But I suppose I should flesh out that concept a little bit.
I have never been the type of person to be overly concerned with the aging process. When I saw a guy like say George Clooney just seemingly getting more handsome as he went through his 30s and 40s, I said bring it on. Even Richard Gere pulled it off until he was darn near 60. So I was thinking that age wouldn’t be something that I would be bothered with.
My hair has been slowly turning gray since I was in my 20s. I think it is still mostly brown, but whenever I visit the barber and see that pile of trimmings I do wonder why it seems disproportionately gray compared to my head, but that is probably just a trick of the light or something. I have been forming little wrinkles on my face for nearly the same amount of time. Unfortunately spending a decade at a job that I really hated gave me some rather menacing ones that really amplify when I frown, but at the same time I also have the typical laugh lines and crows feet well established so that I can just imagine them all a bit deeper to see what I will look like in another decade or so. Still, this doesn’t bother me.
What I really, really hate about getting old is my metabolism. As recently as my 30th birthday I was still able to eat damn near anything I wanted without gaining much weight. I was (and still am) very active at work, so I did (and still do) burn a lot of those calories off, but it was just so much easier even just a few years ago. In fact the leanest I have been in my adult life was in early 2005 (making me just shy of 31) when I was down to just over 170 pounds. I wasn’t eating right, I wasn’t exercising, I wasn’t really doing anything that I should have been doing to maintain that weight, I just wasn’t eating. This, of course, was shortly after I had quit drinking, so my body was used to an extra 1500 or so calories a day from beer, so when that was cut off the weight started dropping faster than I could keep track of. Of course having had a chance to look over my eating habits at the time, I was still in the habit of eating a piece of beef jerky for breakfast/lunch (real jerky, not a “beef stick”) for about 120 calories, then a largish meal just before bedtime which I would estimate to be around 1000 calories. No snacking, nothing else, just 1100 calories a day.

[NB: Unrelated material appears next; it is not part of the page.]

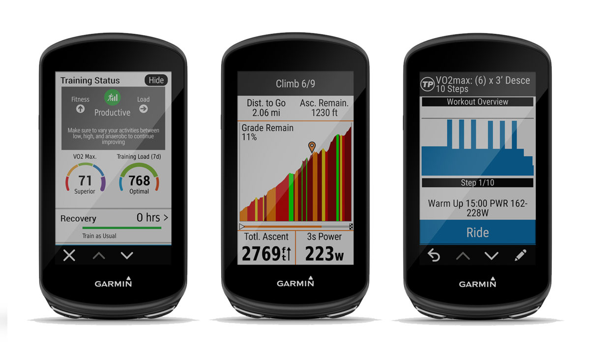 L’autre grande nouveauté, GARMIN a mis l’accent sur la fonction d’accompagnement et de gestion de l’activité physique. En fonction de la fréquence et d’un ensemble de paramètres analysées par le EGDE 1030 PLUS, il sera en capacité de vous suggérer des entraînements adaptés sur la journée. On retrouve un ensemble de fonctionnalités comme la possibilité de connecter le EDGE à un home-trainer et suivre un parcours, un entrainement, etc.
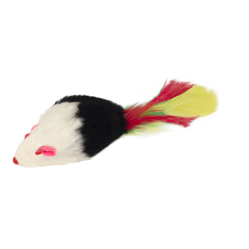 Игрушка для кошек "Мышь-погремушка с пером черно-белая", 45-50мм (уп.4шт.), Triol

Of course as anyone who has starved themselves knows (and mind you I wasn’t doing this consciously) you don’t really feel all that well. I was hungry a lot of the time, I felt weak a lot of the time, and worst of all I had these random blackouts -which generally lasted only a second or two, but would happen in all situations, be it driving, walking, sitting on the couch, whatever. For a time I thought I might have something seriously wrong with me, but once I actually started eating they went away. But so did that slender (ish) build.

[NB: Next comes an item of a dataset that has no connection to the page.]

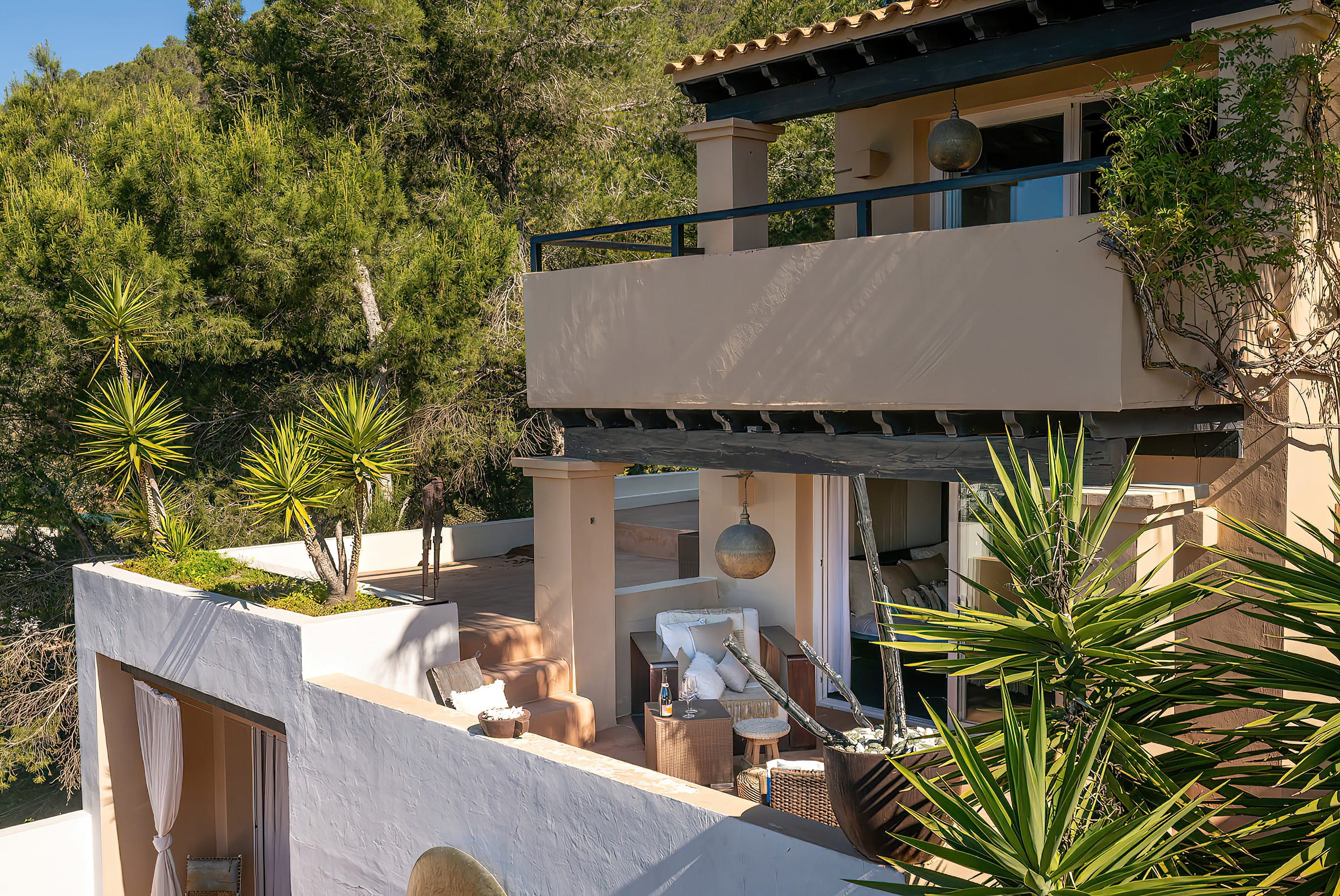 This property in Ibiza enjoys a remarkable setting. Within minutes of Ibiza town, HardRock and Ushuaia parties, and Salinas and Es Cavallet beaches, the hotel is situated on a hilltop in a prominent position.

Since roughly my 35th birthday, I have been in constant struggle with my weight. Being ~5’10” and 190 puts me smack dab in the middle of average on both height and weight for my age range, but I just don’t like it. The useless Body Mass Index would put me as “overweight”, but not into the “obese” category. All that is well and good, but I just don’t like the way I look at 190, and it is getting harder and harder to maintain this shit body. As recently as April, I weighed myself at 200.3 pounds. That is the spot where I have to do something about it; I made a deal with myself a long time ago that if I ever got to 200 pounds I would do some dieting and exercising to get myself back down into the 180s. It took me about 5 weeks to do it, but I got myself back down to a much more reasonable 187 pounds. My dieting wasn’t really a diet at all, but just portion control -one of the things that has haunted me my whole life is overeating. I think partially as a result of having been brought up to always clean my plate, and partially just from going through some pretty tough times when I didn’t know when I might have another good meal, I tend to gorge myself. It takes me a lot of discipline to keep from doing that, and discipline is a hard thing to come by.
So today I was feeling particularly fat, and I made the horrible mistake of stepping on a scale. 201.9. I have gained 15 pounds in under 2 months. What the fuck? The wife has been helping with the portion control on the days we have dinner together: 3/4 of a pound of ground turkey in the dishes as opposed to just over a pound of ground beef, frozen meals that I can fit on the plate in one trip instead of two enormous mounds, my meals are actually not that bad. In theory… In practice, of course, trying to control my portions leaves me hungry, which then leads to me cooking an extra burrito, or an extra corn dog, because my brain thinks I need more than usual since I am hungry. That is where the discipline is hard to come by …Well, that and the god damned Doritos… Why the hell do they have to be so delicious?
But that scale reading 201.9 means that the deal I made with myself is in effect again, I have to get back down into the 180s. So lunch today was a 340 calorie french dip (no sauce) and dinner will be 700 calories worth of frozen chimichangas (plus a bit for some grated cheese), and that’s it. I dusted off the elliptical machine tonight for a 22 minute go (1.6 miles it says, although I think think their math may be a bit suspect. And 22 minutes because that is how long a tv episode is on Netflix). But damn it, even 5 years ago I wouldn’t have to be paying such close attention to the calories I am taking in and exercising every day just to maintain the shitty form I have always had… So I say agin, Fuck I hate getting old.